Lucas Bossio

Personal information
- Date of birth: 6 March 1990 (age 35)
- Place of birth: Wenceslao Escalante, Argentina
- Height: 1.80 m (5 ft 11 in)
- Position(s): Midfielder

Team information
- Current team: Ellas Syros

Youth career
- Arsenal de Sarandí

Senior career*
- Years: Team / Apps / (Gls)
- 2012–2013: Rivadavia / 26 / (0)
- 2013–2014: San Jorge / 27 / (0)
- 2014–2015: San Martín / 41 / (1)
- 2016: Chacarita Juniors / 7 / (0)
- 2016: San Jorge / 13 / (0)
- 2017: Sarmiento / 6 / (0)
- 2017–2018: San Martín / 8 / (0)
- 2018–2019: Guillermo Brown / 21 / (0)
- 2019–2020: Almagro / 17 / (0)
- 2020–2021: Niki Volos / 22 / (1)
- 2022: Carpi / 2 / (0)
- 2023: Iraklis Larissa / 18 / (0)
- 2023–: Ellas Syros

= Lucas Bossio =

Argentine professional footballer

Lucas Bossio (born 6 March 1990) is an Argentine professional footballer who plays as a midfielder for Greek Gamma Ethniki club Ellas Syros.

==Career==
Arsenal de Sarandí were a youth club of Bossio's, leaving the club in August 2012 to sign for Rivadavia. In his eleventh senior appearance, on 4 November, Bossio received his first red card against Alvarado. He featured in thirty-two matches in Torneo Argentino A for Rivadavia, before switching to San Jorge in 2013. Bossio remained in the third tier with San Martín ahead of the 2014 Torneo Federal A. He netted his first senior goal in May 2015 versus San Lorenzo. Primera B Nacional side Chacarita Juniors signed Bossio on 5 January 2016. Seven appearances came, including his bow on 18 March in a Central Córdoba draw.

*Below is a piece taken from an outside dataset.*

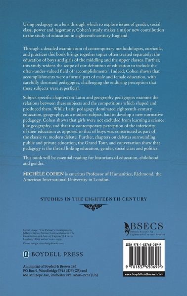 Using pedagogy as a lens through which to explore issues of gender, social class, power and hegemony, Cohen's study makes a major new contribution to the study of education in eighteenth-century England. Through a detailed examination of contemporary methodologies, curricula, and practices this book brings together topics often treated separately: the education of boys and girls of the middling and the upper classes. Further, this study widens the scope of our definition of education to include the often-under-valued field of "accomplishments". Indeed, Cohen shows that accomplishments were a formal part of male and female education, with carefully theorised pedagogies, challenging the enduring perception that these subjects were superficial. Subject specific chapters on Latin and geography pedagogies examine the relations between these subjects and the competitions which shaped and produced them. While Latin pedagogy dominated eighteenth-century education, geography, as a modern subject, had to develop a new normative pedagogy. Cohen shows that girls were not excluded from learning a science like geography, and that the contemporary perception of the inferiority of their education as opposed to that of boys was constructed as part of the classic vs. modern debate. Further, chapters on debates surrounding public and private education, the Grand Tour, and conversation show that pedagogy is the thread linking education, gender, social class and politics. This book will be essential reading for historians of education, childhood and gender.

Bossio dropped back down to Torneo Federal A after agreeing to rejoin San Jorge on 15 August. Five months later, the midfielder moved to Sarmiento where he participated nine times during 2016–17. Bossio spent the subsequent campaign back with San Miguel de Tucumán's San Martín, with them now playing in Primera B Nacional. He appeared ten times as the club won the promotion play-off finals over Sarmiento (J). Fellow second-tier team Guillermo Brown completed the signing of Bossio in July 2018. His first match was a home loss against Brown on 26 August. A move to Almagro occurred in July 2019.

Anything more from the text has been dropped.